We're continuing our countdown of the top 20 stories in college hockey this year. This is our second installment, which covers #15 through #11. If you missed the first installment, you can find it here.
#15 A Rough Spring for Coaches
Four coaches were fired by their respective schools in the weeks following the end of the college hockey season. In some cases, the firings were completely understandable. Dave Shyiak was fired at Alaska-Anchorage after years of UAA being a bottom-feeder and dwindling public interest in the team. Tim Whitehead was let go at Maine, as well. Though Whitehead had some success at Maine, the team's struggles in recent years were driving away fans from the program and a change had to be made.
The other two were surprising to say the least. George Gwozdecky at Denver and Mark Osiecki at Ohio State were both let go, reportedly for clashing with school administration. But the common theme in all four cases is that as college hockey moves more towards a bottom line-driven business, head coaching jobs are becoming less and less secure.
#14 Lots of Changes at UConn
The Huskies of Connecticut didn't draw nearly the same attention as the other two teams in their state, but they had a noteworthy season in their own right.
Over the summer, UConn was granted membership into Hockey East for the 2014-2015 season. The move means the Huskies will eventually be able to give out the full 18 scholarships allowed by NCAA rules, rather than the 12 they're limited to in Atlantic Hockey. The Huskies are also in the exploratory phases for a new, more suitable arena, possibly a 5000-seat standalone hockey arena.

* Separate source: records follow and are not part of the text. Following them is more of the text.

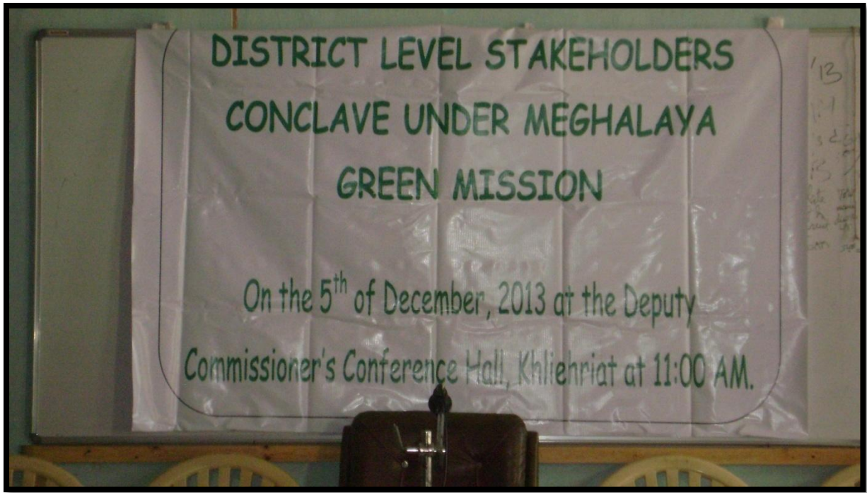
Fig: - 1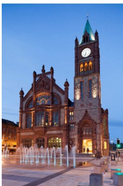
Joint winner: The Guildhall, Derry

In 2014, there were joint winners of the Conservation Award and two projects highly commended. Submissions for the Original Drawing Award were also of a very high calibre with a commendation awarded in addition to the winning entry.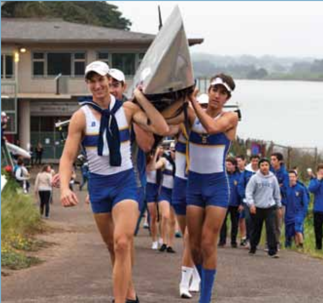
Varsity rowers carry their shell off the water after winning the Pacific Invitational Regatta held at Lake Merced in March.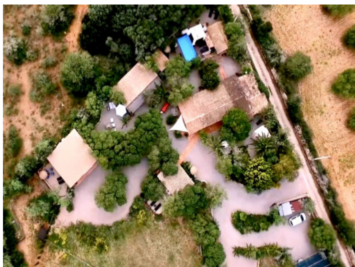
from the Sky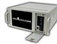
(front panel open)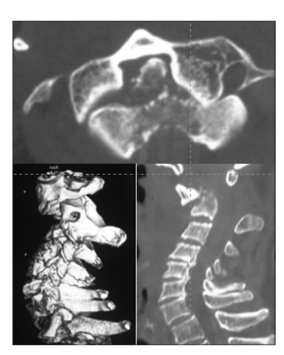
Figure 2: Sagittal and axial scans showing an anterior C1-C2 dislocation with an odontoïd fracture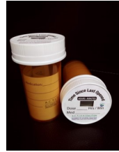
Medicine Bottle Timer Caps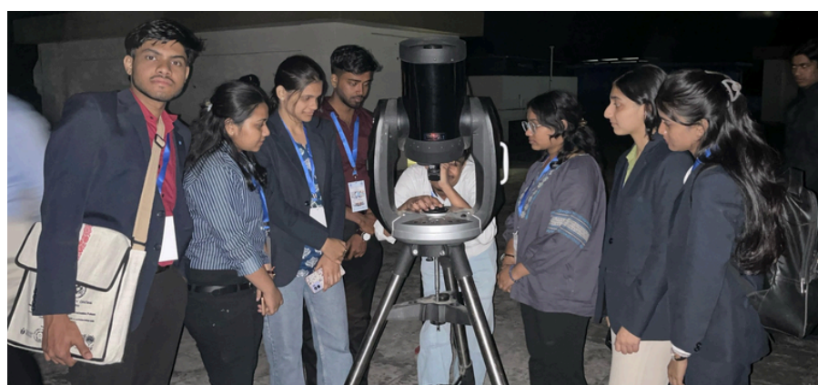
Exciting sky observation session.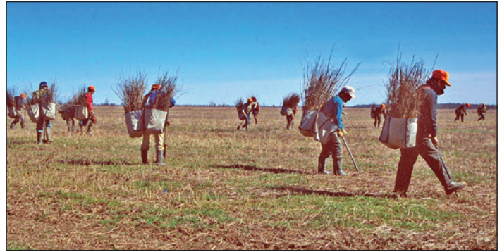
Figure 3. Planting tall, hardwood seedlings in Issaquena County, MS.

Tree-planting costs for hardwoods vary by region, species, and tree size. For some regions in the South, the cost of hand-planting a top-pruned hardwood seedling might be near $0.25 and the retail cost of a seedling might be $0.40. In other places, planting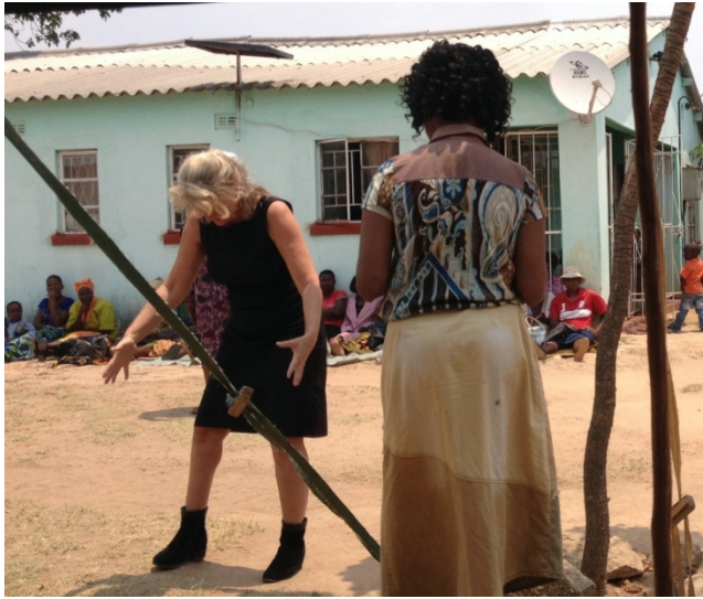
A field visit in Zimbabwe, 2014

In cooperation with Tilburg University, EEPA takes part in a research project on healthcare in African rural areas, particularly on the impact of technical solutions on healthcare in African village healthcare centres. The project involves the research countries, such as Kenya, Uganda, Liberia, Ghana, Zambia, Malawi, Zimbabwe, Germany, UK and the Netherlands. The programme connects the sector of international cooperation with the health sector and engages with relevant private sectors engaged in this area.

There's certainly more to being a college hockey power than being a big name school in a big conference--Ohio State can attest to that--but with the resources that UConn will have available, the potential for them to become a major player on the east coast seems to be there.
More immediately, the Huskies put together an impressive 19-14-4 season, their first winning season since 1999-2000, despite some off-ice distractions. Prior to the start of the season, they lost a top incoming recruit to academic issues, and in November, head coach Bruce Marshall had to take a medical leave of absence. Two months later, Marshall resigned as head coach due to his ongoing health problems. Assistant coach David Berard took over the program on an interim basis, and the Huskies are still searching for their next head coach.
#13 Niagara Earns an At-Large Bid
Niagara put together a fantastic season with a record of 23-10-5, including a near perfect 15-0-2 record at home, and consequently, earned the first ever at-large bid for Atlantic Hockey, which gave the league two bids to the NCAA tournament for the first time ever.
The Purple Eagles were actually pretty dreadful outside of Atlantic Hockey, losing and tying in a series against both Michigan State and Bowling Green, winning and tying against Clarkson, and getting blasted 10-2 by Colgate, but were dominant against Atlantic Hockey competition. As college hockey shifts towards big power conferences next season, it's a good reminder that what matters more than anything is winning games, regardless of who you play.
#12 Penn State Kicks Off Their Program
Many people weren't quite sure what to expect out of the Penn State program in their first season as a Division I hockey program. Their results this season didn't clear things up all that much either. They had some bad losses to D-3 schools Buffalo State and Neumann, along with a loss to club program Arizona State, but also collected wins over future Big Ten foes Ohio State and Michigan State.
They finished their season strong, however, winning 8 of their last 10, including capping off the season with a dramatic come-from-behind overtime win at Wisconsin, while the Badgers were one of the hottest teams in the country.
Overall, the Nittany Lions still have a long ways to go before their program is completely settled, but they showed that they should at least be competitive next year in the Big Ten. They'll likely end up losing more than they win next year, but it won't be much of a surprise if they see them win on any given night.
#11 Nic Kerdiles Suspended
The day of Wisconsin's first exhibition game of the season, it was reported that Kerdiles would not be playing due to an unspecified eligibility issue. The issue stemmed from Kerdiles' relationship with his advisor from Pulver Sports. His advisor had given Kerdiles access to a hotel room in a block of hotel rooms Pulver had reserved for clients at the 2012 NHL Draft. Though the Kerdiles family paid Pulver back for the room five days later, the NCAA still considered it an improper loan. Kerdiles was initially suspended for the entire season, though the penalty was reduced to 10 games on appeal.
The effect on Wisconsin's season was nearly devastating. Kerdiles was not allowed to play until November 30th, at which point, the Badgers had a dreadful 1-7-3 record. Once Kerdiles was re-inserted into the line-up, the Badgers ended the season on a 21-6-4 run, including winning the WCHA playoff title to secure an automatic bid to the NCAA tournament. While Kerdiles wasn't the only reason for the turnaround, he scored 33 points in his 32 games to finish as the Badgers second leading scorer, despite missing a quarter of the season, and really gave a shot of energy to a Badger offense that was struggling.